> Given records
********************
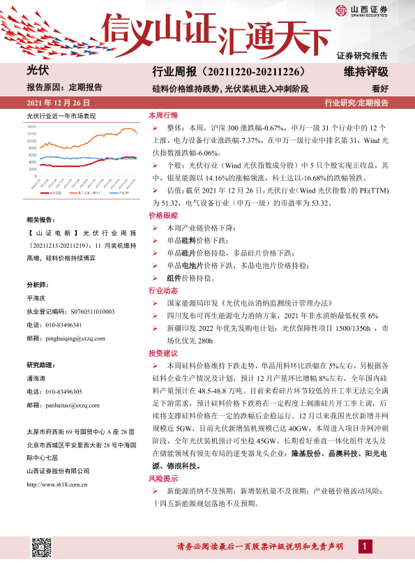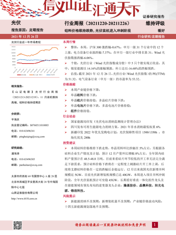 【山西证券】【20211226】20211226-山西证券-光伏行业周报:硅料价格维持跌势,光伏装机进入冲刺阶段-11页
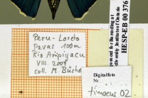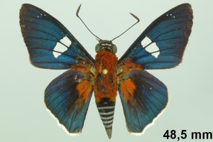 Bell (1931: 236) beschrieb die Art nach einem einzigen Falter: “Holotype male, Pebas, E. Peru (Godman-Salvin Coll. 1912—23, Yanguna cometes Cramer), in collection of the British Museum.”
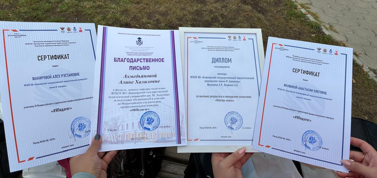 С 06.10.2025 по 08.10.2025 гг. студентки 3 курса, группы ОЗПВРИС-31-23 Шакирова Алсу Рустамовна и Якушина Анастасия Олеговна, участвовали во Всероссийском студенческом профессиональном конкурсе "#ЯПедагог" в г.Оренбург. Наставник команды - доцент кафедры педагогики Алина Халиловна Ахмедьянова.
********************
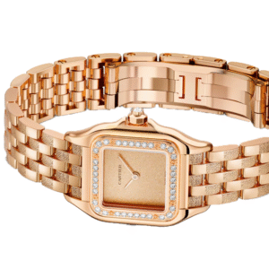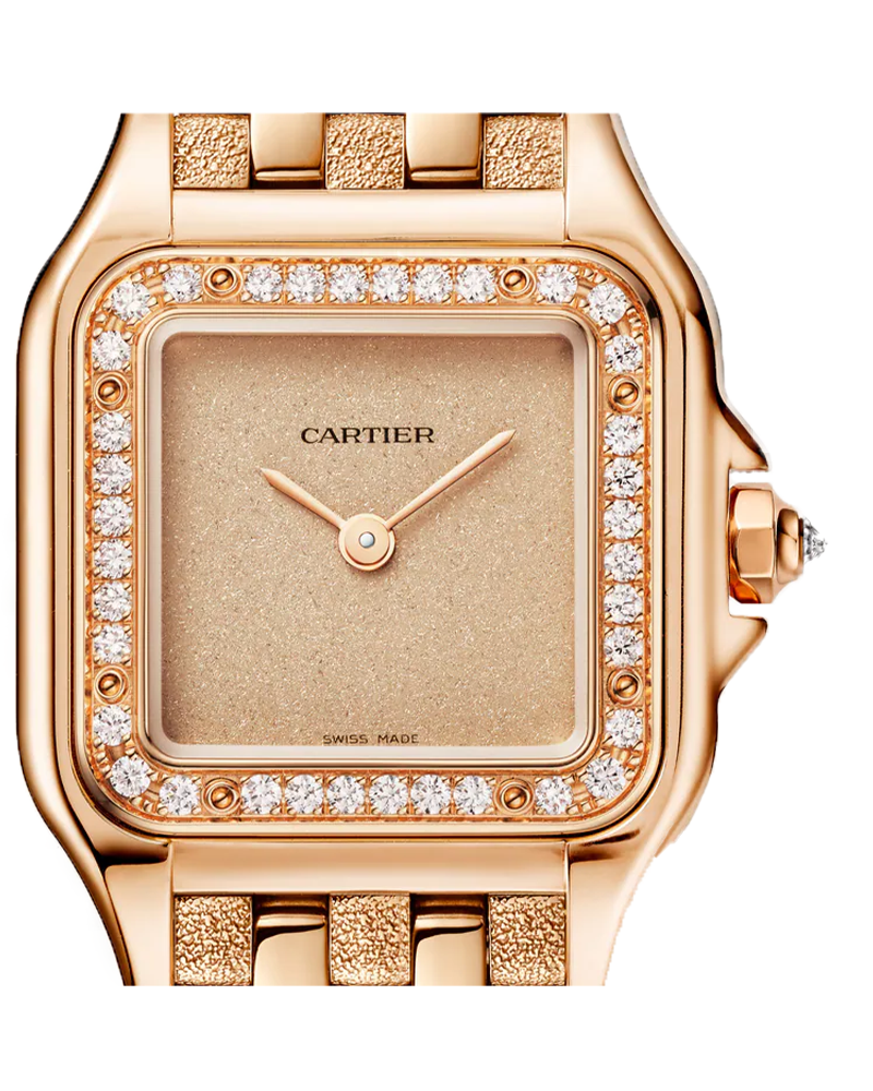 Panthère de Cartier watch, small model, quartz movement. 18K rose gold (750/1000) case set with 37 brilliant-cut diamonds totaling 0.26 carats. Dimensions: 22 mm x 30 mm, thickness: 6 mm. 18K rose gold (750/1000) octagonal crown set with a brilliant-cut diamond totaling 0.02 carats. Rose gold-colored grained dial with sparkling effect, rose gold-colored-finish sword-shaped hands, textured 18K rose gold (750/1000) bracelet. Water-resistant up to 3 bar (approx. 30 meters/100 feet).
********************
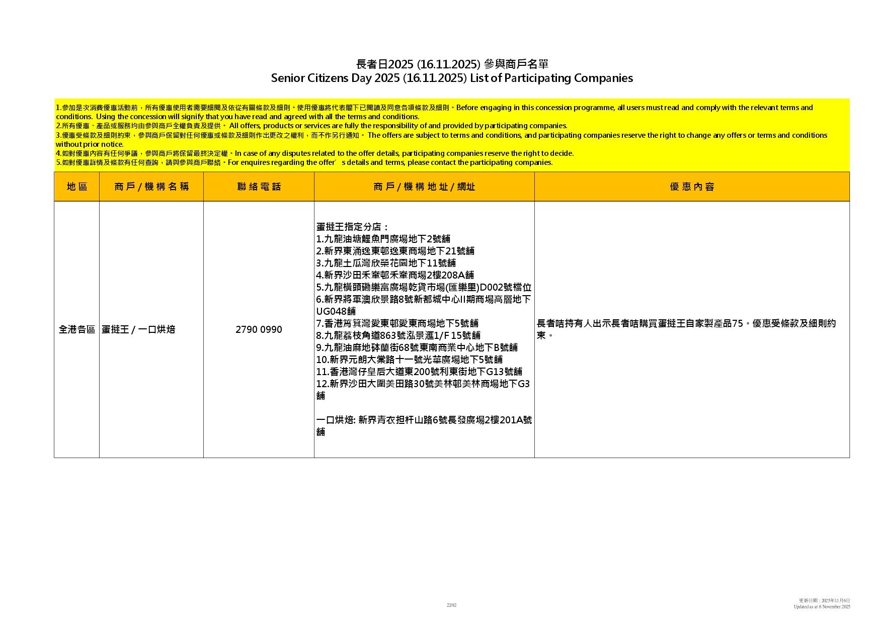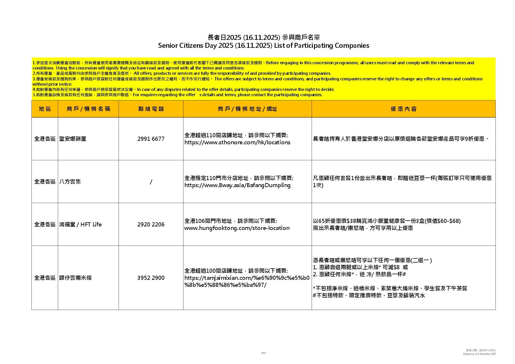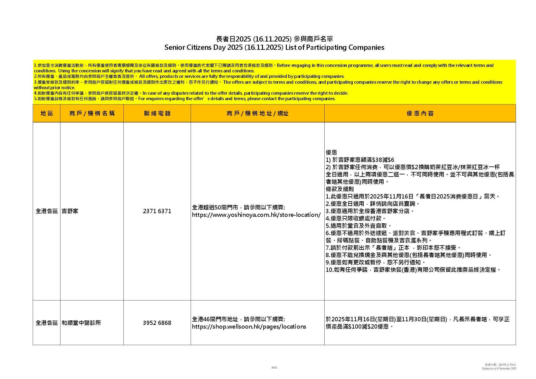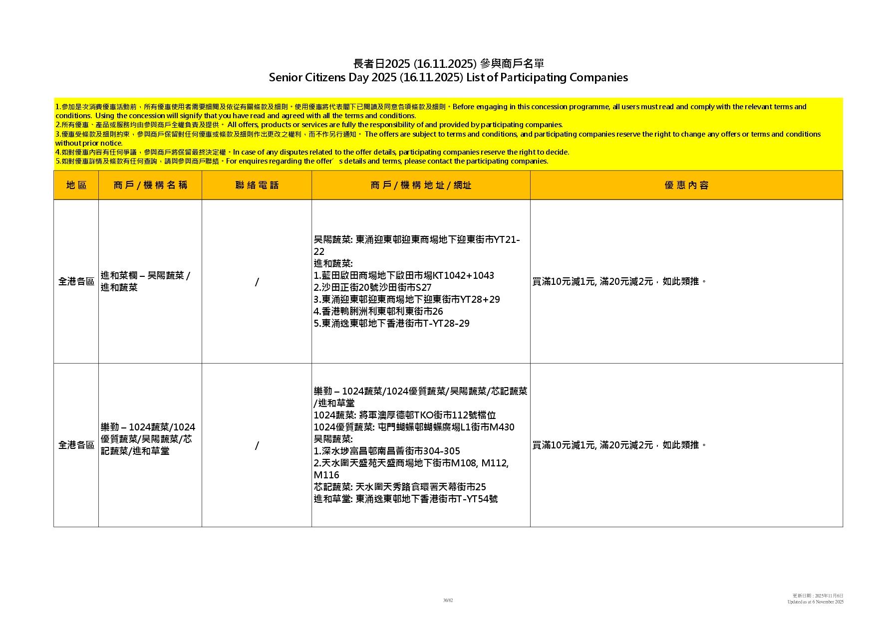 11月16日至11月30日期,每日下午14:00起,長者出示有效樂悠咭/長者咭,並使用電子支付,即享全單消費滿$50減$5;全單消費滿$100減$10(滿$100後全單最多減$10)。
********************
> Exercise details
Extract from the material above the stretch running from the line containing "Bell (1931: 236)" through the line containing "С 06.10.2025 по". Keep the text exact and the pictures out.

> Your response
 Bell (1931: 236) beschrieb die Art nach einem einzigen Falter: “Holotype male, Pebas, E. Peru (Godman-Salvin Coll. 1912—23, Yanguna cometes Cramer), in collection of the British Museum.”
 С 06.10.2025 по 08.10.2025 гг. студентки 3 курса, группы ОЗПВРИС-31-23 Шакирова Алсу Рустамовна и Якушина Анастасия Олеговна, участвовали во Всероссийском студенческом профессиональном конкурсе "#ЯПедагог" в г.Оренбург. Наставник команды - доцент кафедры педагогики Алина Халиловна Ахмедьянова.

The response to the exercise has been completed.